Controlling a small crowd is a big challenge for administrators. And when lakhs congregate, it is a nightmare for those in charge.
Every year, there is an unprecedented rush at Tirupati, Sabarimala, Srirangam (near Tiruchi) and Parthasarathy Temple (Chennai) around New Year. This year was no exception. A gentleman asked in Tamil, “ idhu bayama, bhakthiya ?” (is this fear or faith?).
On the occasion of Vaikunta Ekadasi, there was a huge crowd at the Parthsarathy Temple. Though the cops did their best, they were helpless as the the number of people at the temple surged throughout the day and often became restless as the waiting period stretched to three to four hours. Even at around mid-night, people were still seen waiting in a long queue to have darshan.
In Srirangam, the foremost of the main Vaishnavite temples, it was a long, serpentine queue. For 10 days starting Vaikunta Ekadasi, devotees from all over India throng this temple.
This year, nearly 3,000 cops were deputed to manage the crowd. The huge number of police didn't help much though.

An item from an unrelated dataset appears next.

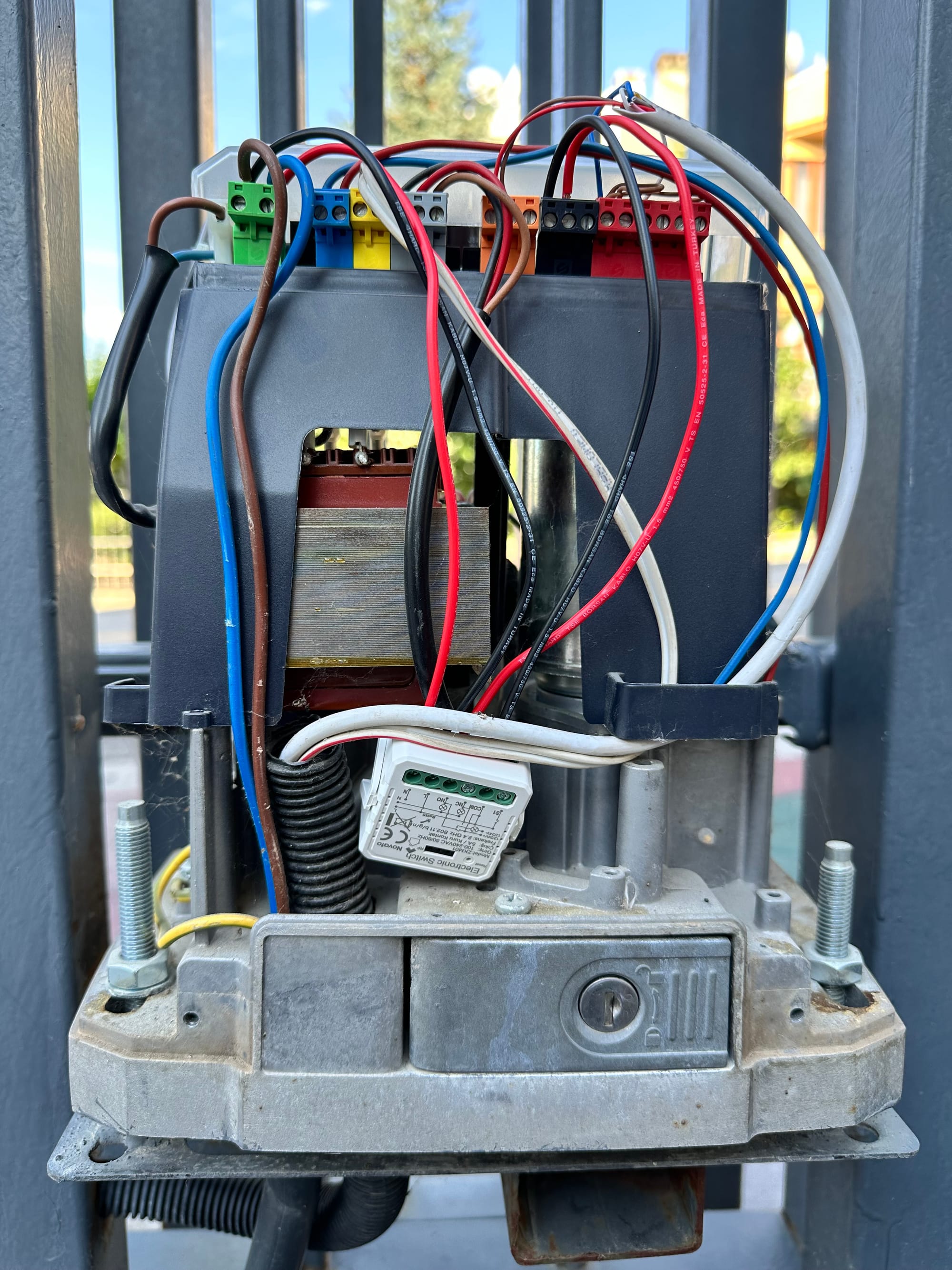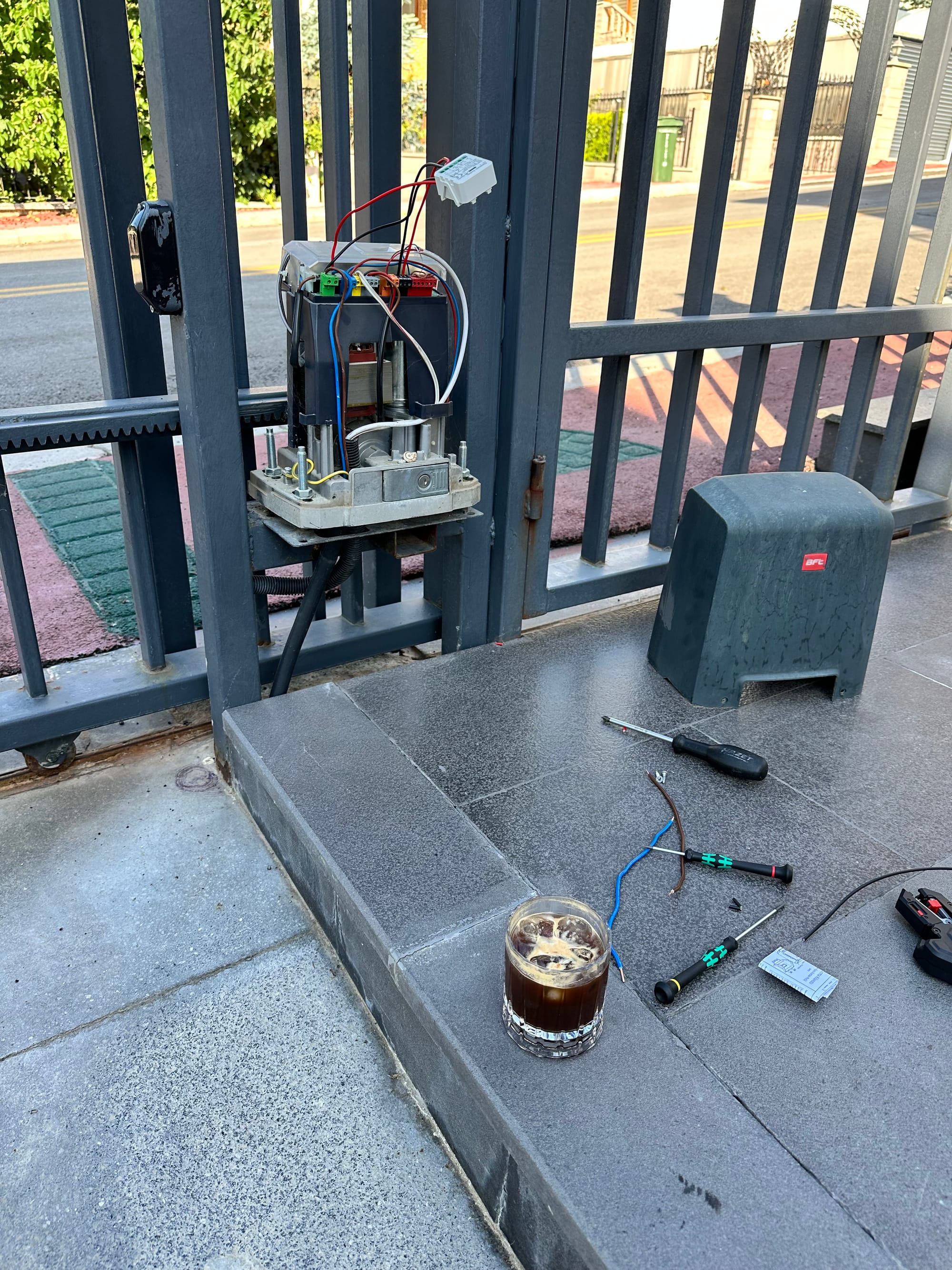 It's a sliding gate system that can carry heavy-duty doors in two ways. The motor and system are from a company called BFT, which is a very common brand here in Turkey for this kind of residential application. The gate has no physical switches, as they wouldn't be very useful. The gate door is used when I want to park my car in my garage; hence, I need to be able to open it remotely.
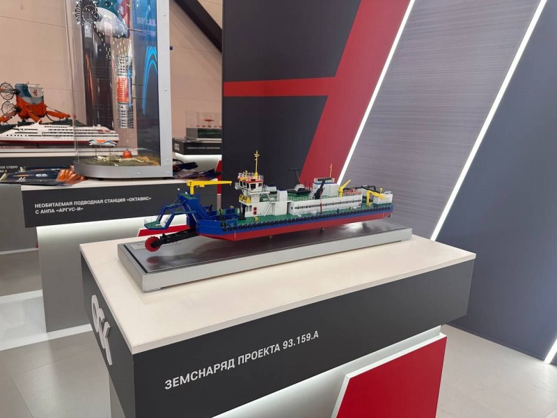 На стенде ОСК представлен макет уникального российского самоходного земснаряда проекта 93.159А. Серия из шести таких судов строится на производственной площадке АСПО Южного центра судостроения и судоремонта ОСК.

There was no proper guidance to enter the temple. Access to the special darshans was a nightmare to people. One needed to find every trick, including tipping security persons, to find a way into the temple.
“What can we do sir? Observe for five minutes and see for yourself how impatient people are. We need to take care of politicians, government officials, high officials, including cops, and of course ordinary people,” said an official of the Ranganathar Temple.
After all the jostling, it was still bliss (at least for me) to have a 10-second darshan of the Lord.